Assessment of response
Radiologic assessment was performed with a contrast enhanced thorax-abdomen pelvis CT scan or MRI at baseline, within 30 d before chemotherapy began, and every 3 mo thereafter, during treatment. Radiologic response and disease progression were defined according to RECIST 1.0 criteria. Disease response was defined as a decrease of at least 30% in the sum of the longest diameter of target lesions, as compared to the baseline.
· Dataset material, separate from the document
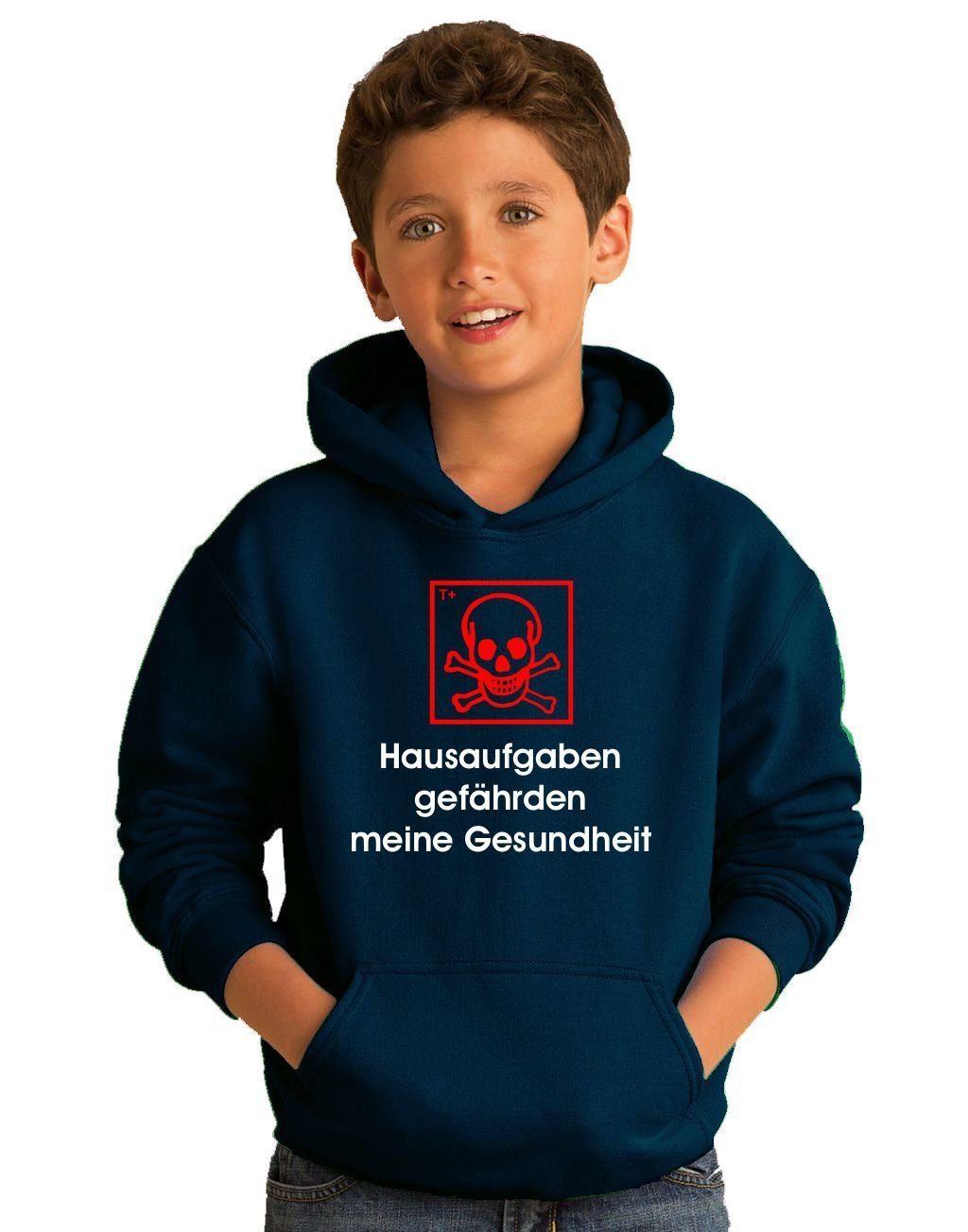 Hausaufgaben gefährden meine Gesundheit ! Als Hoodie Sweatshirt Pulli mit Kapuze für Kinder + Jugendliche Gr.116 128 140 152 164 CM ( Körperhöhe ).

Early changes in immune cells, after 1 mo of therapy, were correlated with the best radiologic response in accordance with RECIST criteria.
Collection of PBMC
PBMCs were isolated by Ficoll (MP Biomedicals, Santa Ana, CA) density gradient separation, washed twice and cryopreserved in 90% heat-inactivated human AB serum and 10% DMSO in liquid nitrogen at a concentration of 1 × 107 cells/mL until assayed.
Flow cytometry analysis
Cryopreserved PBMCs were analyzed by four-color flow cytometry for phenotypic characterization of Tregs as described by Vergati et al.22 Cells were resuspended in staining buffer (PBS containing 3% fetal bovine serum) and stained for 30 min at 4°C with FITC-conjugated anti-CD4+ (BD PharMingen, San Jose, CA), phycoerythrin-conjugated anti-CD25 (BD) and PerCP Cy5.5-conjugated anti-CD127 (eBioscience, San Diego, CA). FoxP3 intracellular staining was done on the cells stained with anti-CD4+, anti-CD25 and anti-CD127. Cells were fixed and permeabilized using a fix/perm buffer (eBioscience) according to the manufacturer's instructions, then labeled with Allophycocyanin-conjugated anti-FoxP3 (eBioscience) or its isotype control as a negative control. Flow cytometry was performed on a FACSCalibur (BD Biosciences): 5 × 104 events were acquired and data were analyzed using CellQuest software (BD Biosciences). To determine the percentage of Tregs, lymphocytes were gated by plotting forward vs. side scatter. The CD4+ population was gated first, followed by the CD25+CD127neg population and finally the FoxP3+ population was gated into the CD4+/CD25+/CD127neg population. Tregs are thus defined as the CD4+/CD25+/CD127neg/ FoxP3+ population.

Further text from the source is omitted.